One such notorious figure is Ghotki robber Faqir Nisar Shar, who frequently uses Facebook to issue threats against the police while advocating for his Shar community and fellow dacoits. Shar is considered the spokesperson for these criminal elements. Furthermore, these gangs have adopted social media as a platform for their operations, showcasing weaponry alongside Sindhi and Saraiki songs in videos shared online.

Despite numerous large-scale operations targeting them, bandits persist in their criminal activities within the northern districts. According to a fact-finding report by the HRCP, bandits extort an annual ransom of approximately one billion rupees, with 300 individuals kidnapped for ransom in 2022 alone.

== Kacha Region ==
The Forest Department oversees millions of acres of land in the Kacha region, situated on both banks of the Indus River. A significant portion of this land is currently under occupation, as reported by the department. The area encompasses vast expanses of uncultivated land known locally as "Katie," owned by numerous large landholders, many of whom are also prominent figures in politics. The Kacha region experiences arid conditions for the majority of the year but faces annual inundation during flood season. Despite this, the land is highly prized for its fertility, owing to the deposition of minerals carried by the river.
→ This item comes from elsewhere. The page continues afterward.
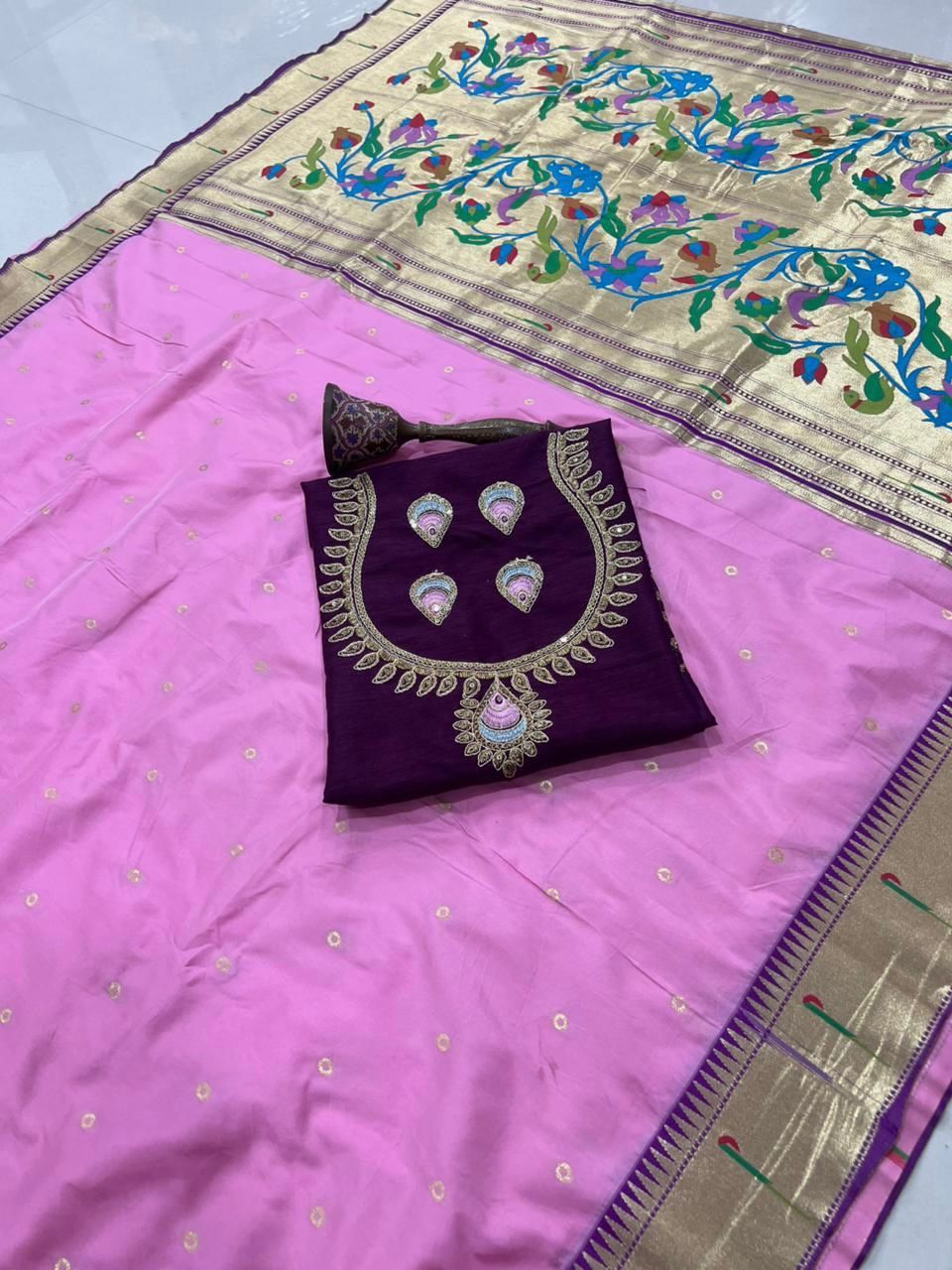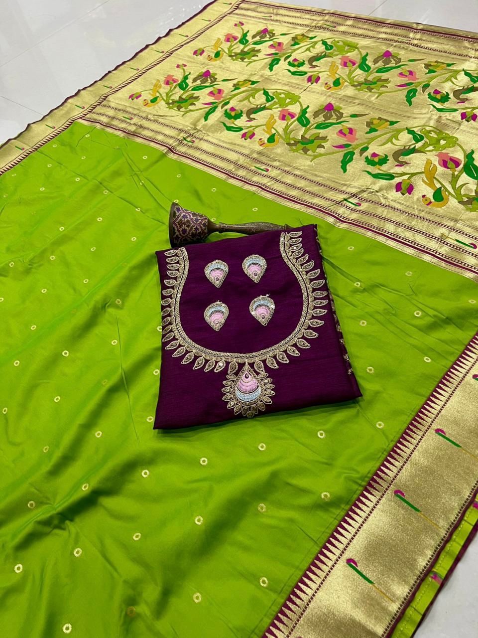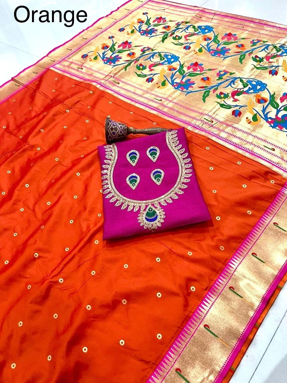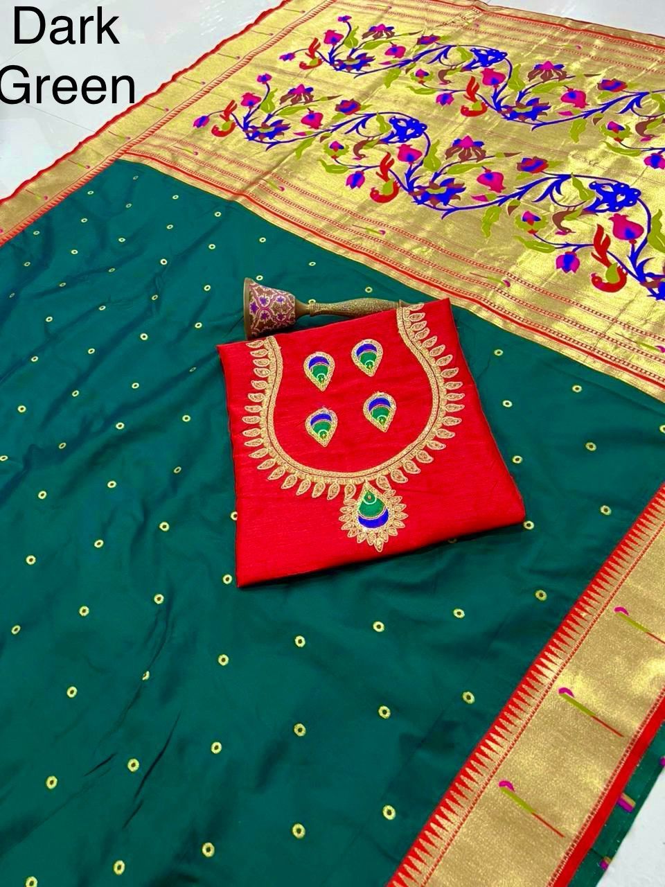 Pure Soft Kanchivaram Paithani Silk Saree With Embroidery Work Blouse 12 Pc Catalog

According to estimates from the Sindh Disaster Management Department, the population of this area exceeds one million, predominantly engaged in livestock rearing and agriculture. The region is delineated by Kashmore district on one side of the river and Ghotki district on the other. Although the Kacha area spans multiple districts in central and northern Sindh, it is particularly noted for its prevalence of banditry and tribal conflicts in districts such as Kashmore, Ghotki, Shikarpur, and Jacobabad. The presence of dense forests, shrubbery, and rugged terrain provides cover for illicit activities, facilitating robberies and serving as a haven for criminals seeking refuge.

==Weaponry==
The bandits are reportedly armed with sophisticated weapons including mortars, rocket-propelled grenades (RPGs) and anti-aircraft guns. Their weapons are said to be superior to local police, posing a significant challenge to law enforcement agencies.

== Law Enforcement Operations ==

=== Operation Shikarpur ===
Operation Shikarpur (Urdu: آپریشن شکارپور) is an ongoing law enforcement initiative aimed at combating local criminals in the Sindh province of Pakistan, particularly focusing on the Kacha area in Shikarpur District. The operation's objective is to apprehend robbers and other lawbreakers, thereby ensuring a safer environment for the local populace.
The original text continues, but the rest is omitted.